“How Could This Happen in America?” Why Police Are Treating Americans Like Military Threats

Saturday, November 26, 2011
By Paul Martin

Why is the armed might of the state, (necessary in waging war against foreign enemies) being applied to domestic policing of local communities and peaceful protests?

By William Hogeland
AlterNet.org

“Is this still my country?”

In the past few days, those and similarly poignant Twitter posts have appealed to fundamental American values in objecting to the notorious U.C. Davis event, where police pepper-sprayed seated protesters, and to cities generally cracking down on the Occupy movement. The crackdowns have brought a military level of combativeness to what many Americans — even those not in sympathy with the protesters — would normally see as a police, not a military matter.
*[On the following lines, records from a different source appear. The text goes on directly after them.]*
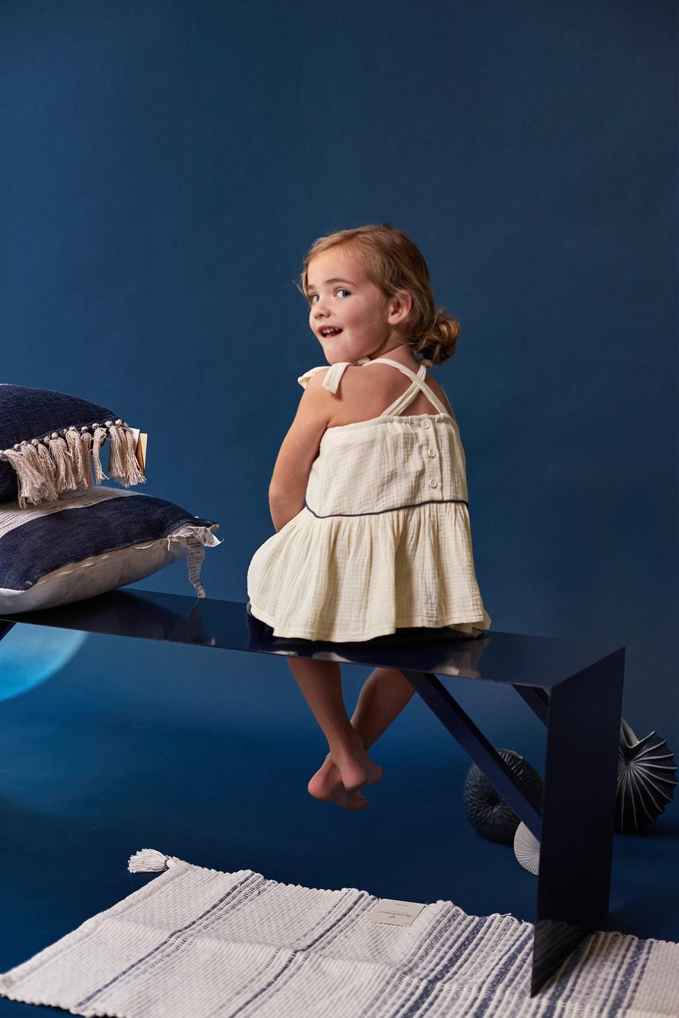 Fancy enough, but oh so comfy for everyday adventures, this peplum top with just enough cool details (cross tie at the back, contrast piping) is perfect with leggings or denim skirt.
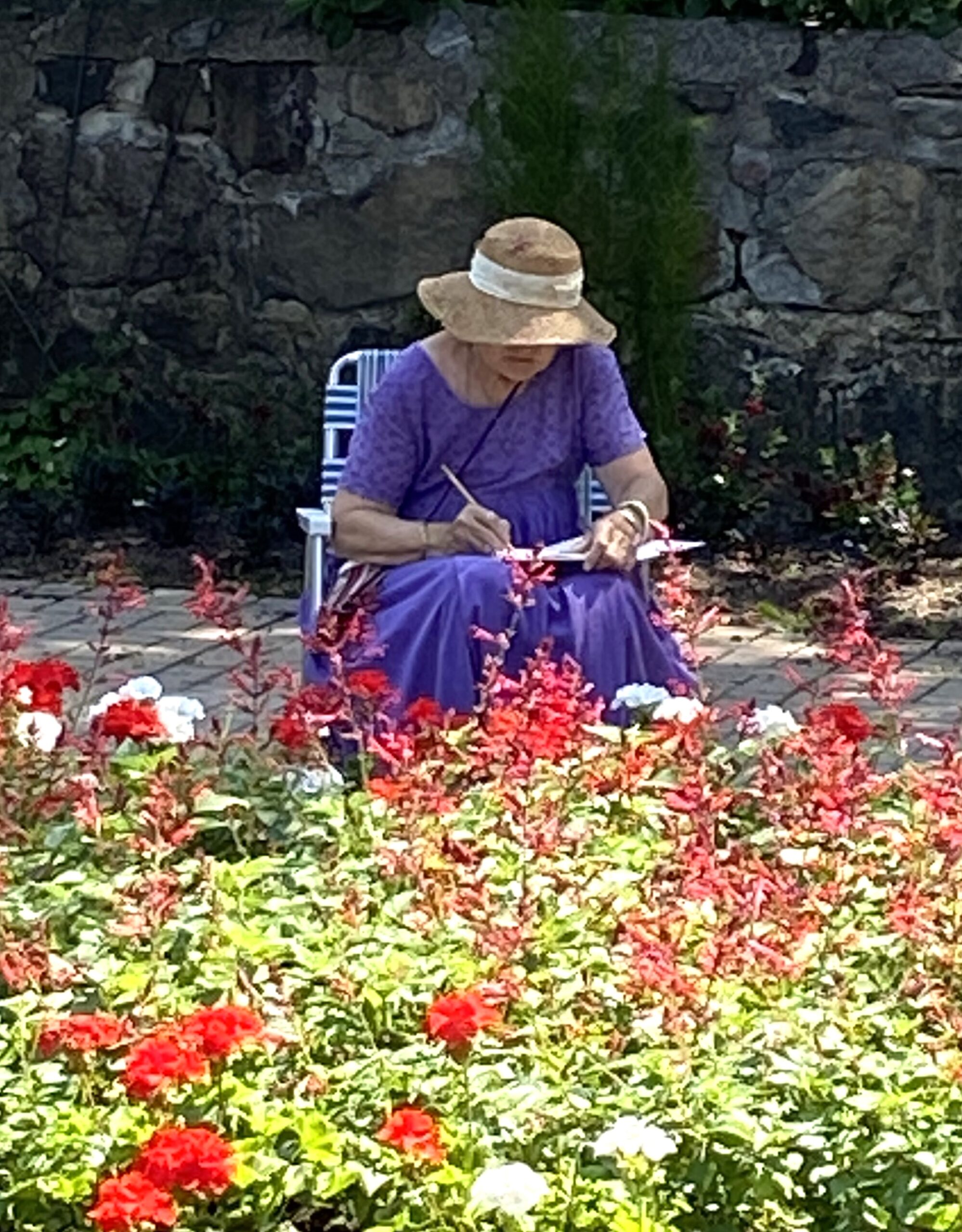 Discover a more intimate look at nature by going out into the garden and sketch /draw the flowers in front of us. Learn tips and tricks that help break down the structure of roses and other flowers. All supplies included. Strongly recommended to bring a folding chair; garden seating is limited. No experience needed!
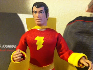 Take that, thief!Whether or not my mom tried to find me a replacement I'm not sure. We drove around in a beat up Volkswagen bug with a wooden back bumper and ate TV dinners most nights. I never felt the need to steal at that point in my life, not that I didn't dabble in it (all young children do), despite living in a neighborhood with a hooker on the corner, but we were not in the haves category either.This is why, almost forty years later, I get all giddy and childlike at the thought of a new Shazam! Not a new TV show or movie, although I hear that's in the works, but because those old MEGO dolls are back on the market – aimed smack dab at aging nerds like me with their own mess of issues, children they want to share a second childhood with, and a general distrust for society.
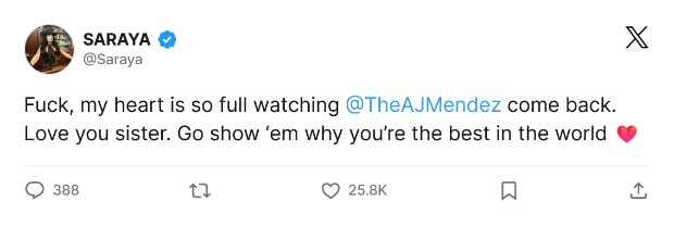 Despite @WWEShop spoiling AJ Lee’s return by confirming in a tweet that new merchandise was coming, the pop for her return at the conclusion of this week’s SmackDown was nevertheless epic. And now, among the dozens of wrestlers taking to social media to acknowledge this, her longtime rival Saraya’s has stood out, tweeting, “f*ck, my heart is so full.”
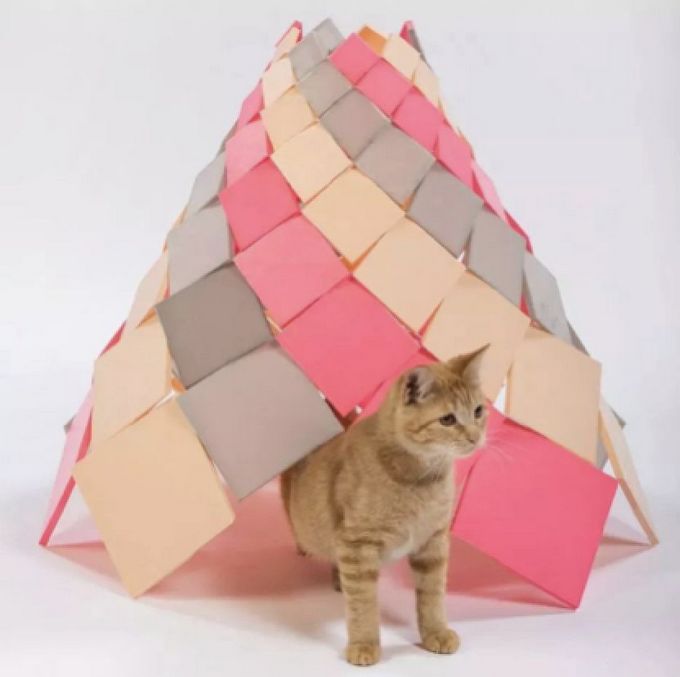 这一款猫窝以猫咪独特的神秘气质为概念设计而成。层叠设计让猫屋多了些神秘感,猫咪可以踱着猫步在猫屋中来回穿梭。
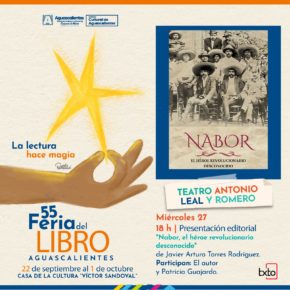 En el Teatro Antonio Leal y Romero se realizará la presentación editorial Nabor, el héroe revolucionario desconocido de Javier Arturo Torres Rodríguez a las 18:00 horas; así como la presentación editorial El viejo de la danza (Pie rojo Ediciones) de Juan Jesús Cervantes Montoya a las 19:00 horas.
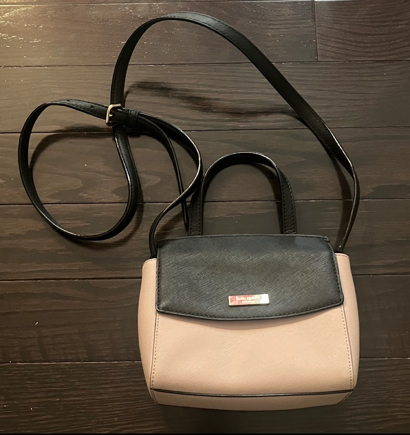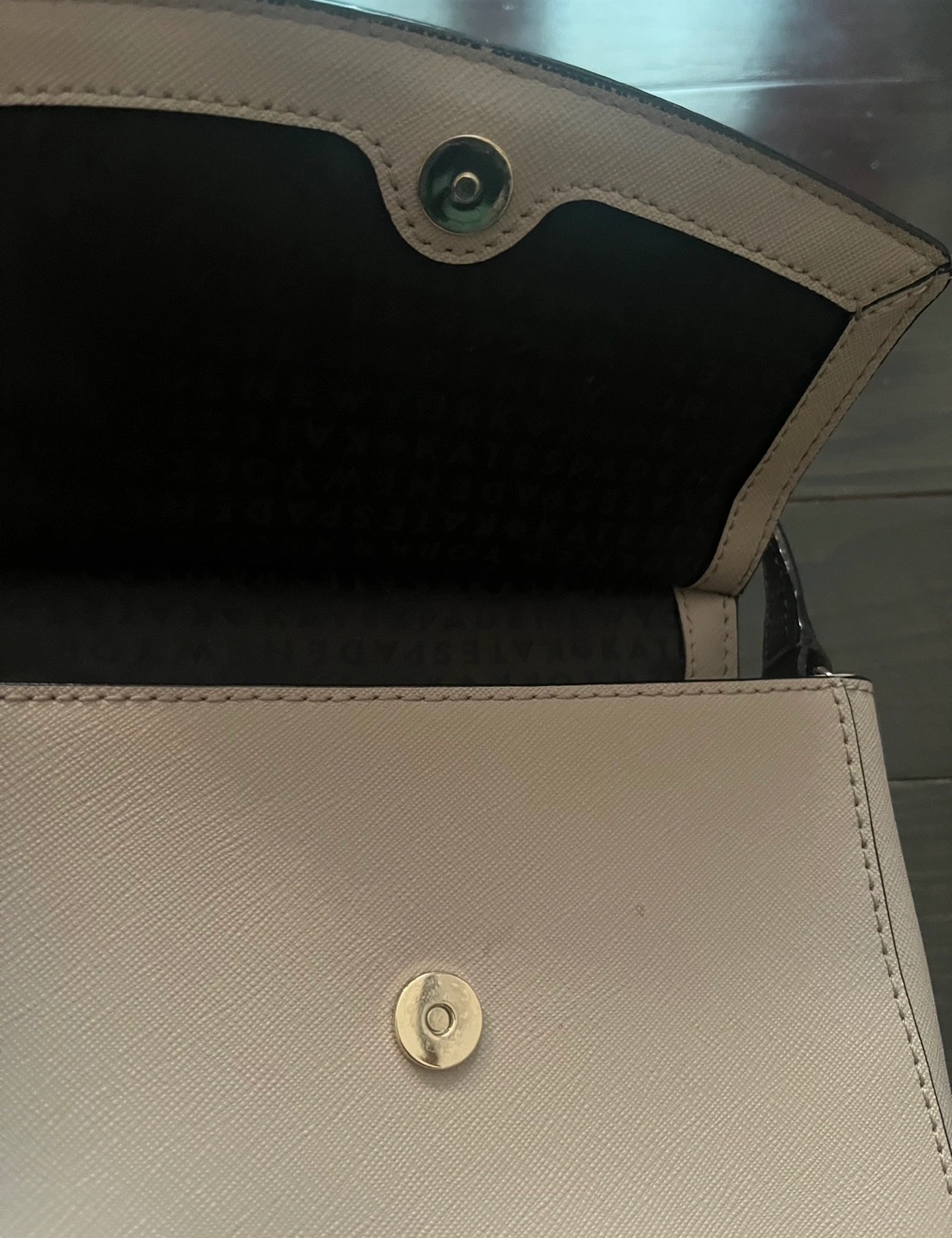 Like new condition, used only twice Pickup Brampton or downtown Toronto This kate spade handbag can also be a satchel bag! Details: •6"h × 7.9"w × 3.2"d • drop length: 4.3" handheld •total adjustable strap length: 44" MATERIAL • metallic crosshatched leather with matching trim •capital kate jacquard lining •14-karat light gold plated hardware DETAILS •crossbody with snap flap closure •interior slide pocket •gold staple kate spade new york signature Includes a detachable strap & a top handle.

Police, not military. The distinction may seem academic, even absurd, when police are bringing rifles, helmets, armor, and helicopters to evict unarmed protesters. But it’s an old and critical distinction in American law and ideology and in republican thought as a whole. The 17th-century English liberty writers, on whose ideas much of America’s founding ethos was based, believed that turning the armed might of the state, (necessary in waging war against foreign enemies), to domestic policing of local communities tends to concentrate power in top-down executive action and vitiate treasured things like judiciary process, individual liberty, representative government, and free speech.